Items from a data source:
'''
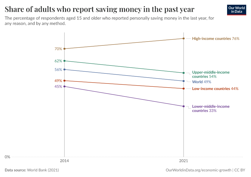 “Data Page: Share of adults who report saving money in the past year”, part of the following publication: Max Roser, Bertha Rohenkohl, Pablo Arriagada, Joe Hasell, Hannah Ritchie, and Esteban Ortiz-Ospina (2023) - “Economic Growth”. Data adapted from World Bank. Retrieved from https://style-labor-employmentrate-c.owid.pages.dev:8789/20250909-093708/grapher/share-of-adults-who-report-saving-money-in-the-past-year.html [online resource] (archived on September 9, 2025).How to cite this data
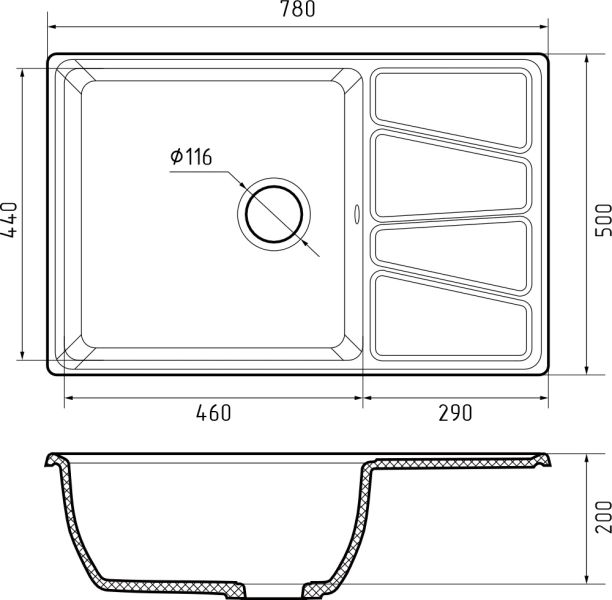 Мойка кухонная GranFest VERTEX V-780L иней
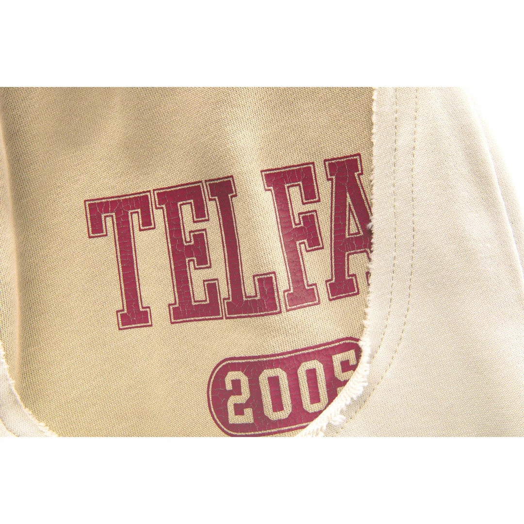 Camo-sweatpant constructed by layering two tones of heather sweatshirt fabric in a camouflage pattern. This cut-off sweatpant features a mid-thigh length, elasticated drawstring waistband, our cracked-ink TELFAR print on left thigh โ obscured by raw edged camo cut-outs.
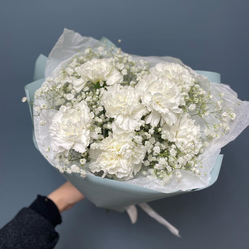 Диантус – 7 шт.Гипсофила – 3 шт.Упаковка – 1 шт.Тишью – 2 шт.Лента атласная – 1 шт.
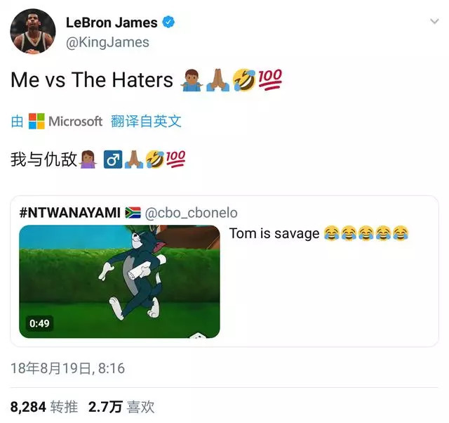 詹姆斯先是带队取得一波连胜,然后在Twitter转发了动画片猫和老鼠中,汤姆轻松玩弄斯派克的经典片段并配文:我VS黑子们,哈哈哈!
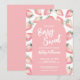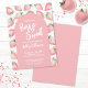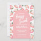 Um tema de chá de bebê 'Berry Sweet' fofo e feminino, apresentando morangos rosa em aquarela com folhas verdes. Uma tipografia de letra manuscrita branca em negrito misturada com uma fonte simples em um arco rosa bege. Você pode alterar as cores da fonte para o que desejar. Você também pode alterar a cor do fundo na frente e atrás, bem como no arco (círculo e retângulo no design). Convite de Chá de Bebê Morango Rosa em Aquarela Berry Sweet perfeito para a primavera e o verão, ou realmente em qualquer época do ano!
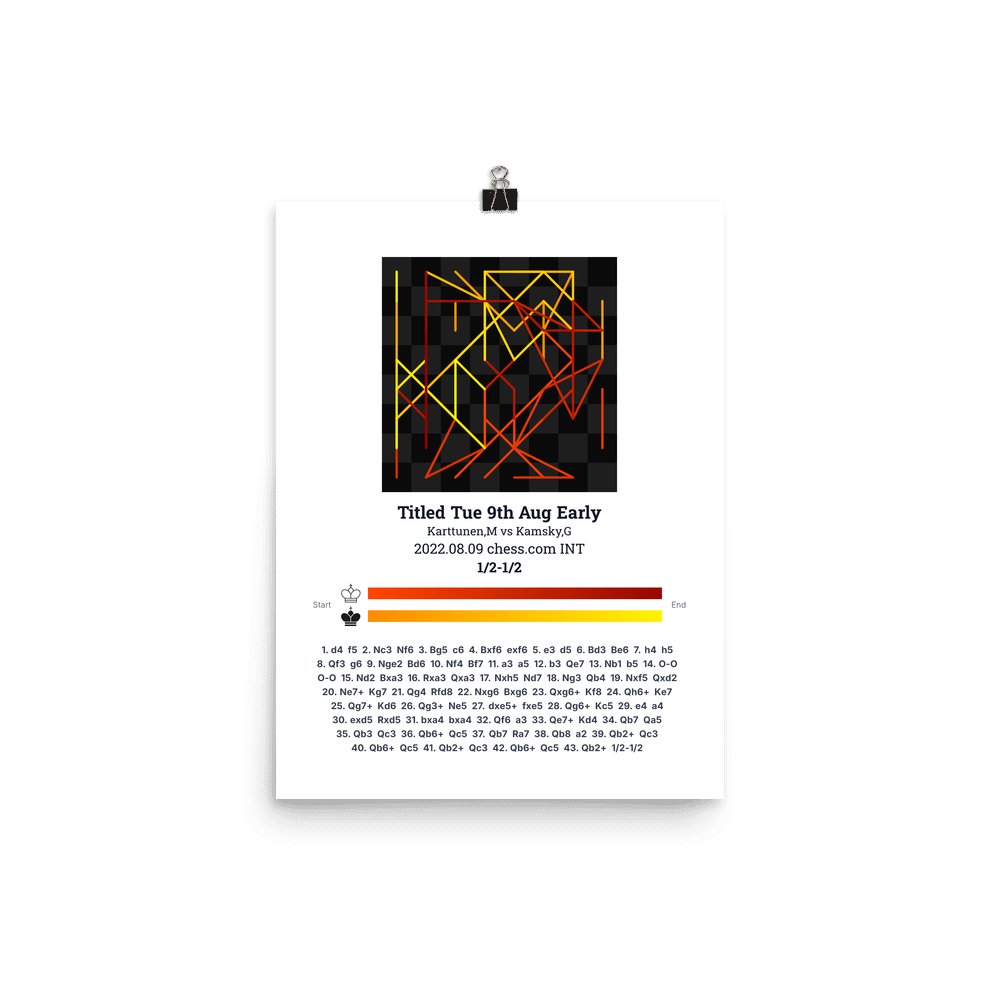 Museum-quality poster on thick, durable matte paper. A sharp, clean look for any chess visualisation.
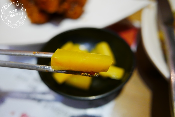 店家會附上醃蘿蔔,帶脆感的蘿蔔醃過後多了酸甜味在嘴裡會回甘,跟炸雞搭配超適合,吃上一口醃蘿蔔就像是把嘴裡味道清空一般,清爽又解膩很不簡單的醃蘿蔔。
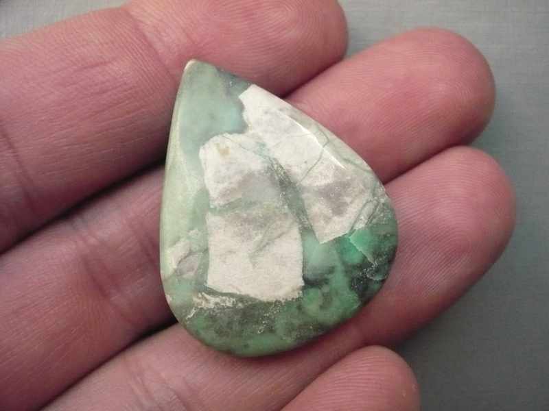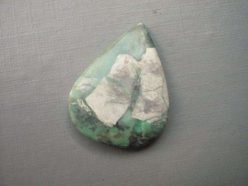Kabošon - variscit (regalit, jaspis mořský sediment). Jsou to nádherné kameny s abstraktní kresbou, byť dobarvené. Rozměr 33 x 26 x 6 mm. Původ Bolívie.
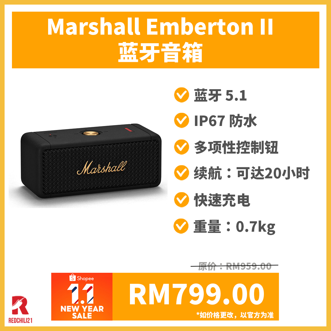 ⑦ Marshall Emberton II 防水无线蓝牙音箱
'''
> What the exercise asks
Please repeat all of the data exactly, excluding images.

> Solution to the problem
 “Data Page: Share of adults who report saving money in the past year”, part of the following publication: Max Roser, Bertha Rohenkohl, Pablo Arriagada, Joe Hasell, Hannah Ritchie, and Esteban Ortiz-Ospina (2023) - “Economic Growth”. Data adapted from World Bank. Retrieved from https://style-labor-employmentrate-c.owid.pages.dev:8789/20250909-093708/grapher/share-of-adults-who-report-saving-money-in-the-past-year.html [online resource] (archived on September 9, 2025).How to cite this data
 Мойка кухонная GranFest VERTEX V-780L иней
 Camo-sweatpant constructed by layering two tones of heather sweatshirt fabric in a camouflage pattern. This cut-off sweatpant features a mid-thigh length, elasticated drawstring waistband, our cracked-ink TELFAR print on left thigh โ obscured by raw edged camo cut-outs.
 Диантус – 7 шт.Гипсофила – 3 шт.Упаковка – 1 шт.Тишью – 2 шт.Лента атласная – 1 шт.
 詹姆斯先是带队取得一波连胜,然后在Twitter转发了动画片猫和老鼠中,汤姆轻松玩弄斯派克的经典片段并配文:我VS黑子们,哈哈哈!
 Um tema de chá de bebê 'Berry Sweet' fofo e feminino, apresentando morangos rosa em aquarela com folhas verdes. Uma tipografia de letra manuscrita branca em negrito misturada com uma fonte simples em um arco rosa bege. Você pode alterar as cores da fonte para o que desejar. Você também pode alterar a cor do fundo na frente e atrás, bem como no arco (círculo e retângulo no design). Convite de Chá de Bebê Morango Rosa em Aquarela Berry Sweet perfeito para a primavera e o verão, ou realmente em qualquer época do ano!
 Museum-quality poster on thick, durable matte paper. A sharp, clean look for any chess visualisation.
 店家會附上醃蘿蔔,帶脆感的蘿蔔醃過後多了酸甜味在嘴裡會回甘,跟炸雞搭配超適合,吃上一口醃蘿蔔就像是把嘴裡味道清空一般,清爽又解膩很不簡單的醃蘿蔔。
Kabošon - variscit (regalit, jaspis mořský sediment). Jsou to nádherné kameny s abstraktní kresbou, byť dobarvené. Rozměr 33 x 26 x 6 mm. Původ Bolívie.
 ⑦ Marshall Emberton II 防水无线蓝牙音箱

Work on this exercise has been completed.